## Exercise details
When you reach the line below that has "The Dogra Sadar", start returning lines exactly, and stop after the line that has "カーボン素材に網目状の模様を施した珍しい玉枠です。"; skip the pictures.

## Supplied records

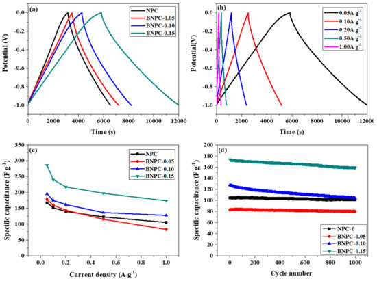 Galvanostatic charge–discharge (GCD) curves of the NPC and BNPC-X at a current density of 0.05 A·g−1 (a), GCD curves of the BNPC-0.15 at different current densities (b), the specific capacitances of the NPC and BNPC-X at different current densities (c), and the cycling stability of the NPC and BNPC-X at a current density of 1 A·g−1 (d).
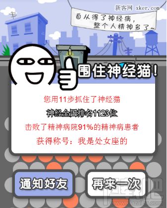 而且这款游戏,除了严格遵循“参与门槛低”这一原则之外,也很好的利用了人们的“攀比”心理。试想一下,如果我们看到朋友发了这么个链接,说他“只用了11步,击败了全国91%的精神病患者”,我们会不会很想证明自己比他厉害,看看自己能用几步达成目标。这种攀比心理,既增加了活动的趣味性,又强化的用户参与冲动。
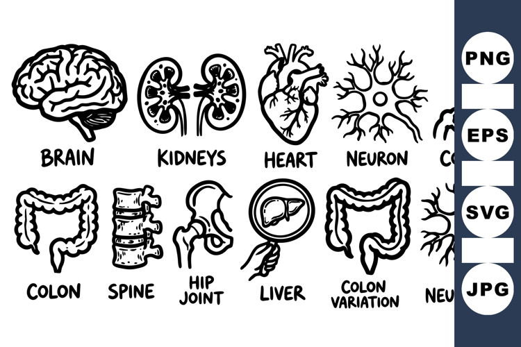 Human Anatomy Healthcare Graphic Black And White Vectors Scientific Illustration Pack Anatomy Vector Clipart Medical Organ Illustrations Line Art Organ Biology Educational Clipart Skeletal System Graphics Nervous System Clipart
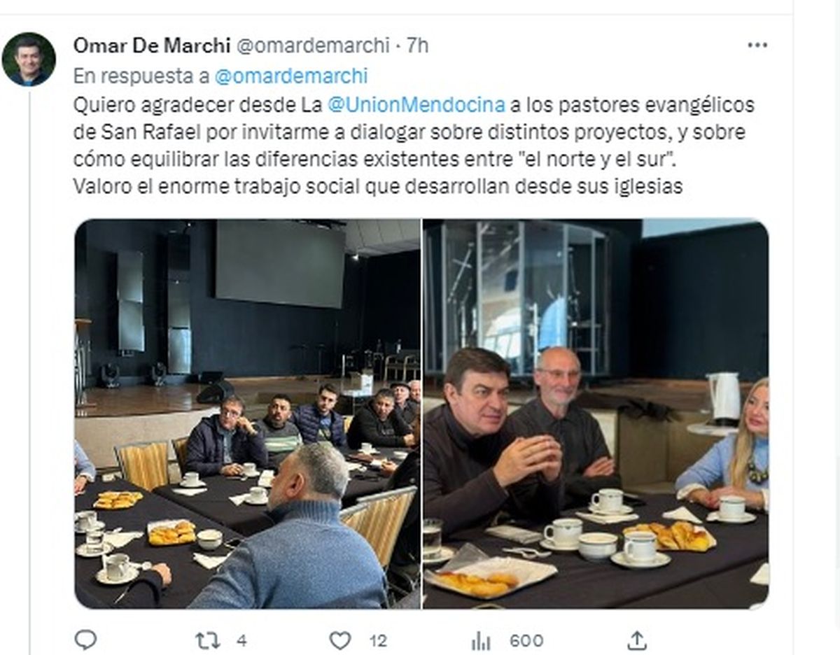 Durante la mañana de este sábado, De Marchi se reunió con pastores evangélicos. El encuentro estuvo coordinado por Víctor Doroschuk, un religioso del sur mendocino que se lanzó como candidato en las elecciones 2021 dentro del Partido Federal.
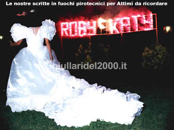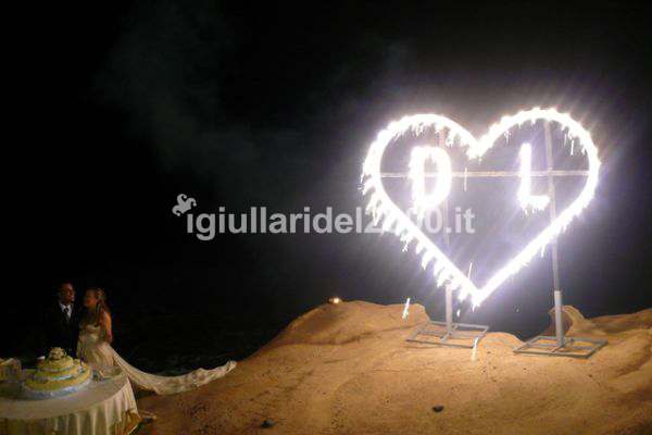 Per il gran finale di eventi, party e cerimonie, siamo in grado di realizzare Scritte di Fuoco (Nome dell’Evento, Nomi degli Sposi, Numeri, Frasi Augurali) o Simboli giganti (Cuore con Iniziali Sposi all’interno, Stemma o Logo Aziendale) che al momento desiderato si illuminano di fuoco scintillante per rendere unico e assolutamente magico l’epilogo di qualsiasi evento da ricordare.
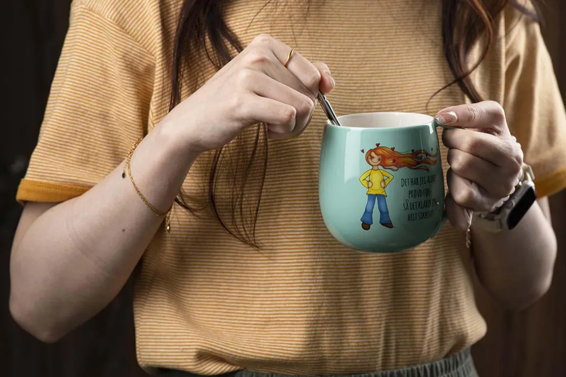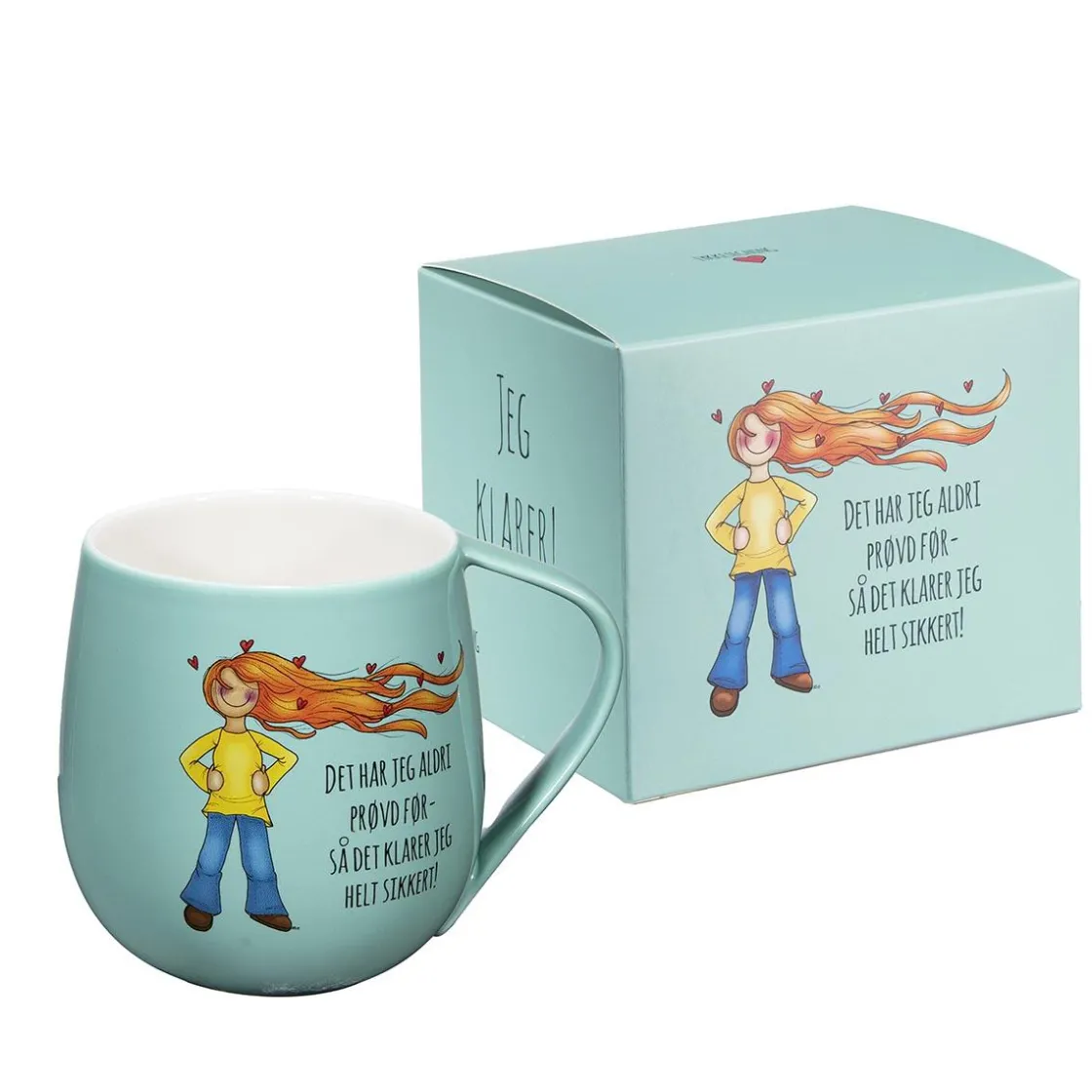 Gjør kaffestunden ekstra hyggelig med denne sjarmerende koppen fra Lykketegning! Koppen har en herlig pastellfarge og et inspirerende motiv som sprer glede. Med et koselig budskap og en morsom illustrasjon, blir den en perfekt gave til deg selv eller noen du er glad i. Laget for å lyse opp dagen din – uansett om det er morgenkaffen eller en rolig tekopp på kvelden.
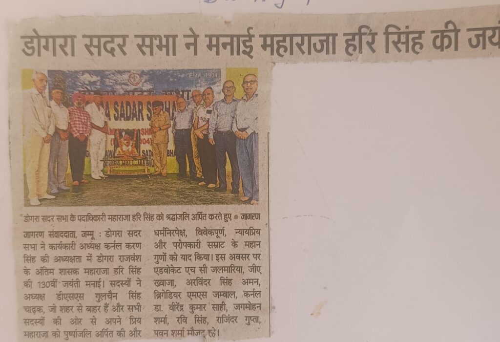 The Dogra Sadar Sabha (DSS) celebrated the 130th Birth Anniversary of Maharaja Hari Singhji, the last ruler of the Dogra Dynasty under the Chairmanship of the Offg President Col Karan Singh. Members paid floral tributes to their beloved Maharaja on behalf of the president DSS Th. Gulchain Singh Charak, who is out of station and all the members as they recalled the great qualities of the secular judicious, fair & caring emperor. The important members present on the occasion includes Adv. H C Jalmaria, G A Khwaja, Arvinder Singh Amn, Brig M S Jamwal, Col. Dr. Virendra Kumar Sahi VrC,  Jagmohan Sharma,Ravi Singh, Rajinder Gupta, Pawan Sharma
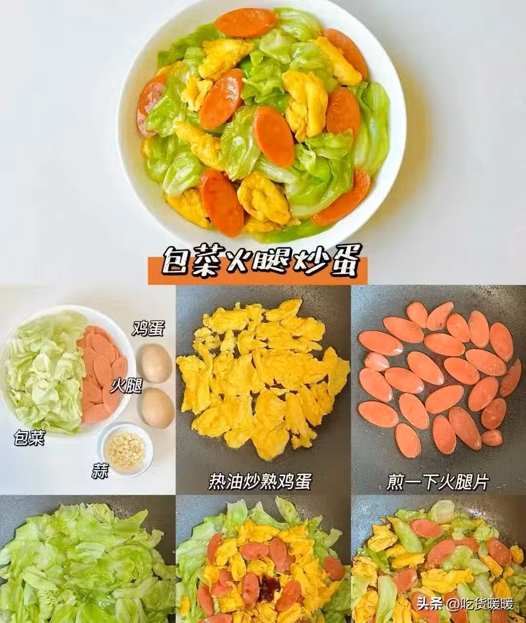 蒜 熱油炒熟雞蛋 煎一下火腿片 熱油炒香蒜末倒入包菜翻炒至斷生加入適量生抽、蚝油倒入火腿和炒蛋 翻炒均勻入味。
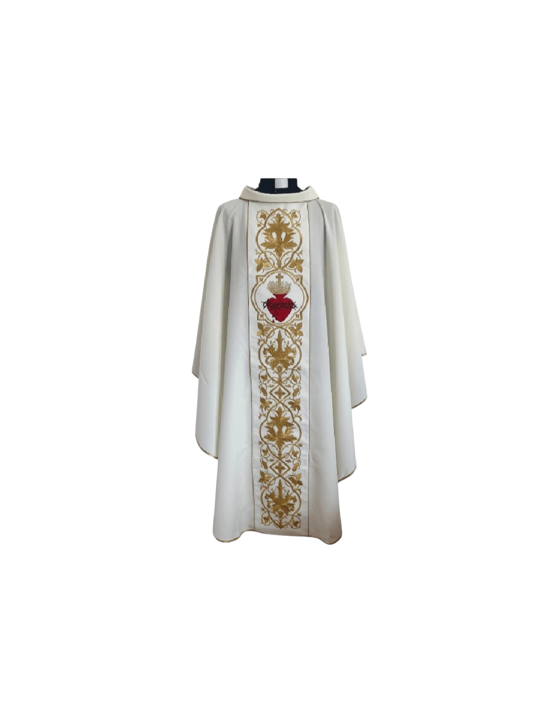 Sacred Heart of Jesus Chasuble in white with gold embroidery Elegant polyester chasuble featuring an ornamental central orphrey and the image of the Sacred Heart of Jesus, symbol of love and devotion. Ideal for solemn celebrations and feasts dedicated to the Sacred Heart.
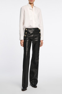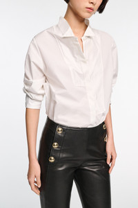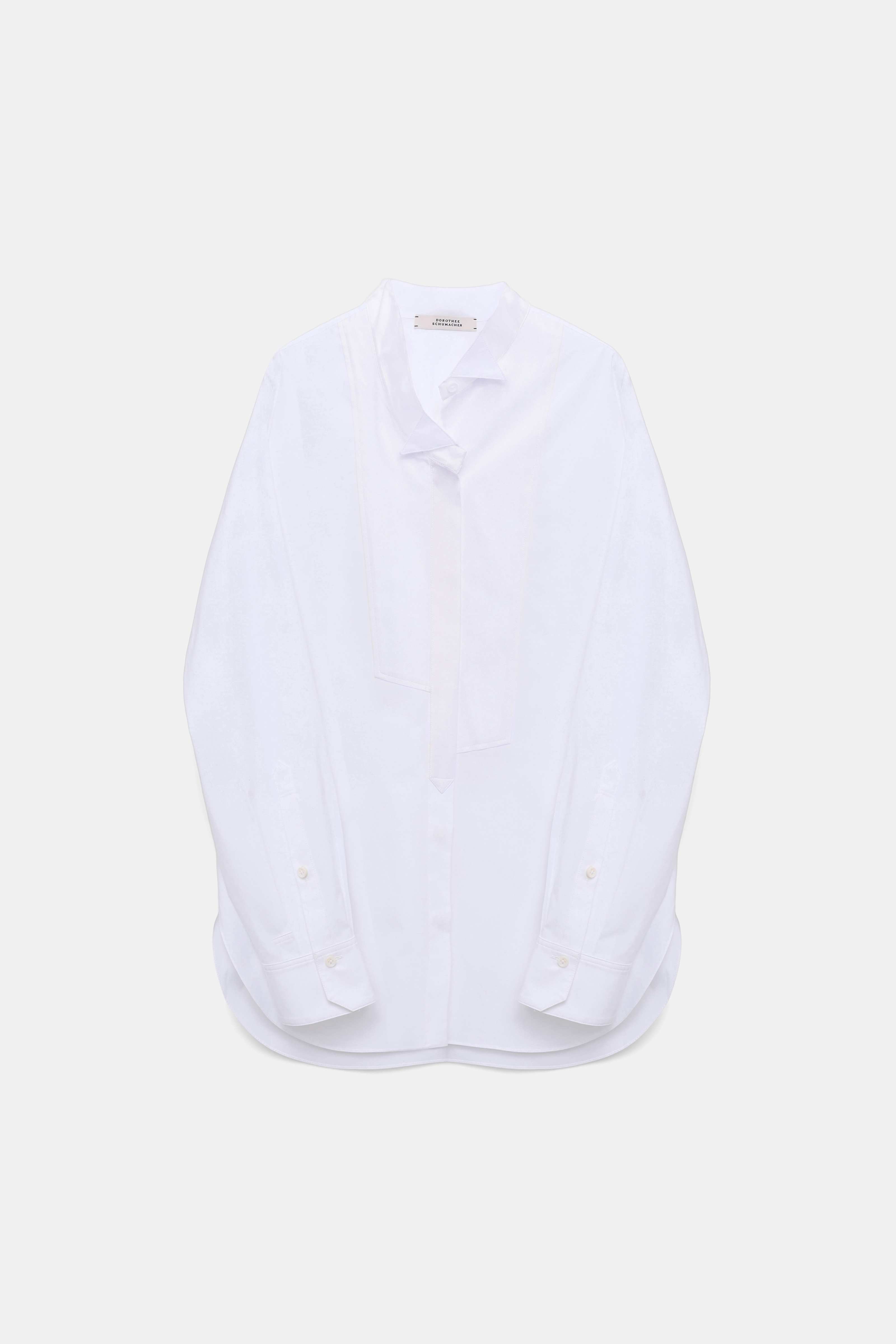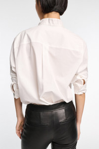 The cotton-poplin shirt has an asymmetrical silk twill collar and plastron. The relaxed style has a hidden front button placket. Material & Care - 96 % Cotton, 4 % Elastane - Cotton-poplin shirt with silk twill collar and plastron - Asymmetrical plastron and patricide collar - Hidden button placket - WE CARE - This item is finished according to STANDARD 100 by OEKO-TEX, 22.0.98928 Hohenstein HTTI Size & Fit - Our model is 179 cm tall and wears a size S - Relaxed fit - Slight dropped shoulders
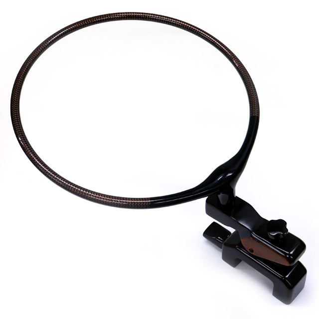 カーボン素材に網目状の模様を施した珍しい玉枠です。
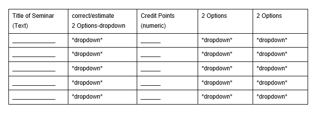 It has 5 columns and several rows(maybe with the option to hide extra rows and only show them if all above are filled). The columns should display the following:
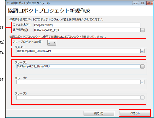 (1)作成する協調プロジェクトのフォルダ名と保存場所、(2)スレーブロボットの台数、(3)マスタコントローラのプロジェクト、および(4)スレーブコントローラのプロジェクトを指定します。
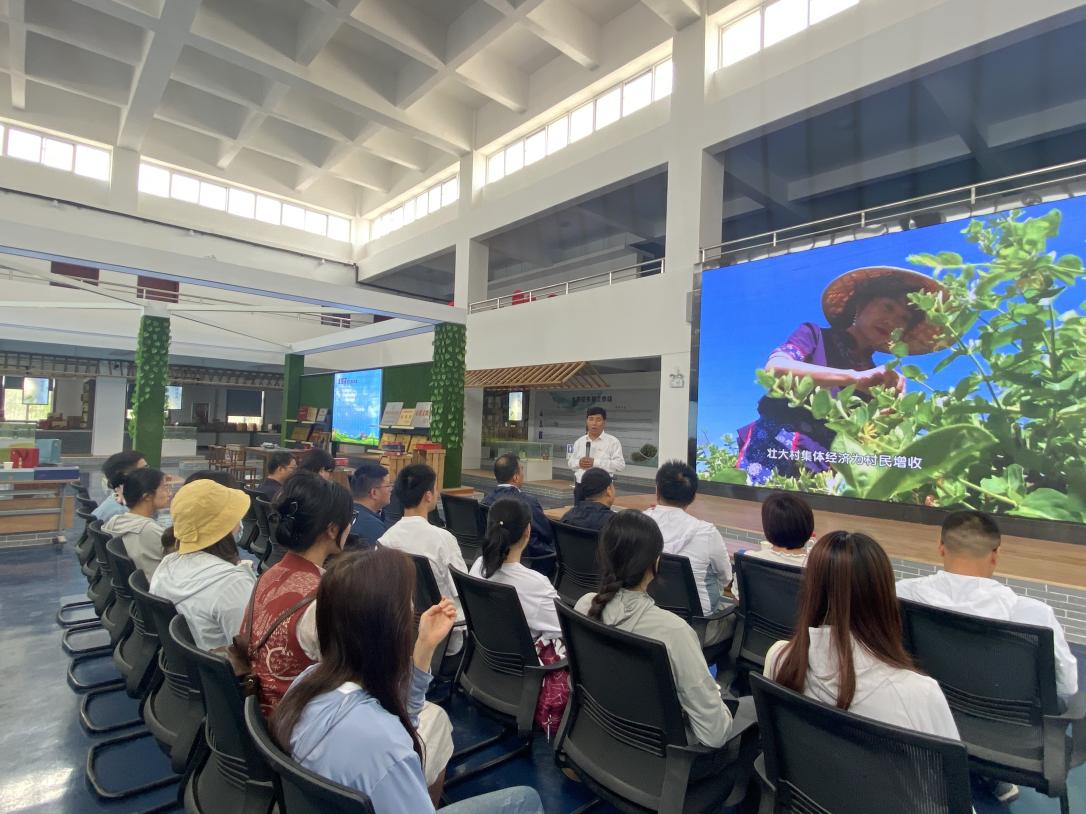 随后,闫家村党支部书记王春颜结合个人亲身经历,生动讲述了金银花产业发展带动乡亲脱贫致富的奋进故事。在他的带领下,师生们参观了金银花农产品展销研发服务中心展厅,深刻理解了找准发展优势,积极把产业发展作为乡村振兴的关键一招,持续带动村民增收致富的重要意义。

## Reply to the exercise
 The Dogra Sadar Sabha (DSS) celebrated the 130th Birth Anniversary of Maharaja Hari Singhji, the last ruler of the Dogra Dynasty under the Chairmanship of the Offg President Col Karan Singh. Members paid floral tributes to their beloved Maharaja on behalf of the president DSS Th. Gulchain Singh Charak, who is out of station and all the members as they recalled the great qualities of the secular judicious, fair & caring emperor. The important members present on the occasion includes Adv. H C Jalmaria, G A Khwaja, Arvinder Singh Amn, Brig M S Jamwal, Col. Dr. Virendra Kumar Sahi VrC,  Jagmohan Sharma,Ravi Singh, Rajinder Gupta, Pawan Sharma
 蒜 熱油炒熟雞蛋 煎一下火腿片 熱油炒香蒜末倒入包菜翻炒至斷生加入適量生抽、蚝油倒入火腿和炒蛋 翻炒均勻入味。
 Sacred Heart of Jesus Chasuble in white with gold embroidery Elegant polyester chasuble featuring an ornamental central orphrey and the image of the Sacred Heart of Jesus, symbol of love and devotion. Ideal for solemn celebrations and feasts dedicated to the Sacred Heart.
 The cotton-poplin shirt has an asymmetrical silk twill collar and plastron. The relaxed style has a hidden front button placket. Material & Care - 96 % Cotton, 4 % Elastane - Cotton-poplin shirt with silk twill collar and plastron - Asymmetrical plastron and patricide collar - Hidden button placket - WE CARE - This item is finished according to STANDARD 100 by OEKO-TEX, 22.0.98928 Hohenstein HTTI Size & Fit - Our model is 179 cm tall and wears a size S - Relaxed fit - Slight dropped shoulders
 カーボン素材に網目状の模様を施した珍しい玉枠です。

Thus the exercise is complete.